Un buon luogo per nascondersi, specie di notte, quando scendono le luci della sera. Chiunque può entrare e ripararsi, nello spazio di circa cento metri quadrati. Resta un calendario di diversi anni fa appeso alla parete, a terra un sacchetto di plastica, un marsupio lasciato su una finestra da non si sa chi. Un piccolo cancello e si entra in quello che potrebbe essere un grande parco, dalle premesse importanti, come il recupero dell’ex centrale idroelettrica del Ponte del Diavolo, il laboratorio di recupero dei materiali poveri con l’attivissima Ludoteca del Riuso.
L’altra parte d’accesso è sulla sinistra, si entra con un camminamento pedonale, coperto di legno che inizia a mostrare i segni dell’usura. Il tutto termina con un sistema di vasche, diventate raccoglitori per rifiuti. Basta scendere una scala, che termina con una pianta di fico, che porta al parco fluviale. Il degrado è totale, con scritte e rifiuti.
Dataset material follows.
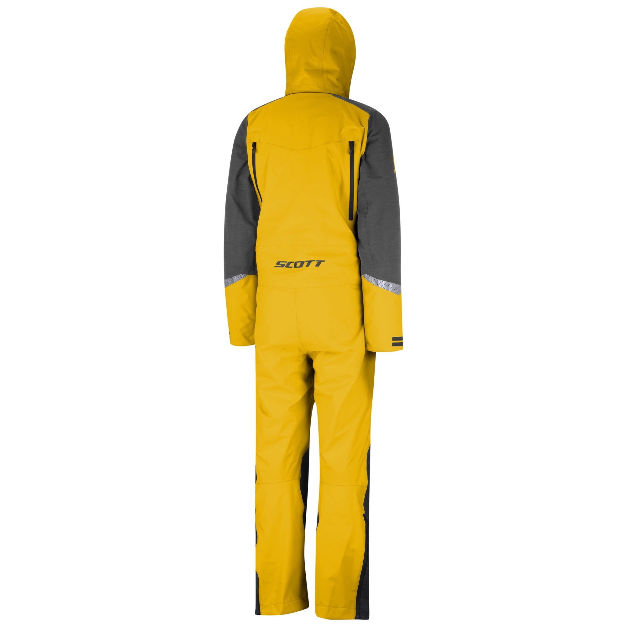 Стильный комбинезон DS Shell DRYO фирмы Scott выполнен в ярком чёрно-жёлтом дизайне и обеспечивает защиту во время катания на снегоходе, каким бы глубоким ни был снег. Костюм изготовлен из прочной двухслойной ткани с проклеенными швами. Верхний слой оснащен ветро- и влагонепроницаемой дышащей мембраной DRYOsphere 2L, а также прямыми клапанами вентиляции. Внутри находится несъёмный утеплитель с термовставками в области колен и ягодиц и дышащая сетчатая подкладка. Все молнии изготовлены по технологии WaterR и не пропускают воду. Основная молния расстегивается в двух направлениях.

La zona fluviale è ampia oltre 1500 metri, presenta le caratteristiche ambientali e faunistiche legate ad un corso di acqua dolce, con un percorso natura lungo oltre un chilometro, che parte sotto una delle arcate del ponte del Diavolo. Fino al secolo scorso, da queste parti era di casa la lontra
di fiume. Il Cea ha aule didattiche e laboratori che accolgono le scolaresche, pronte a fare esperienza diretta dell’ambiente. A pochi passi si snoda un circuito di archeologia industriale, dall’ex centrale del Littorio, il lavatoio comunale, l’ex conceria Mercorelli, l’ottocentesca conceria Osimani e l’antico Ospedaletto. Pochi passi e dalla porta medievale che si apre sulla città, con l’accesso a via San Nicola, si entra nel cuore più antico di Tolentino e la cattedrale di San Nicola. La zona presenta elementi di interesse turistico, da valorizzare e mettere all’interno di un sistema collegato, per incrementare la fruizione turistica della città di San Nicola.














la nostra e’ una citta’ che sta morendo piano piano……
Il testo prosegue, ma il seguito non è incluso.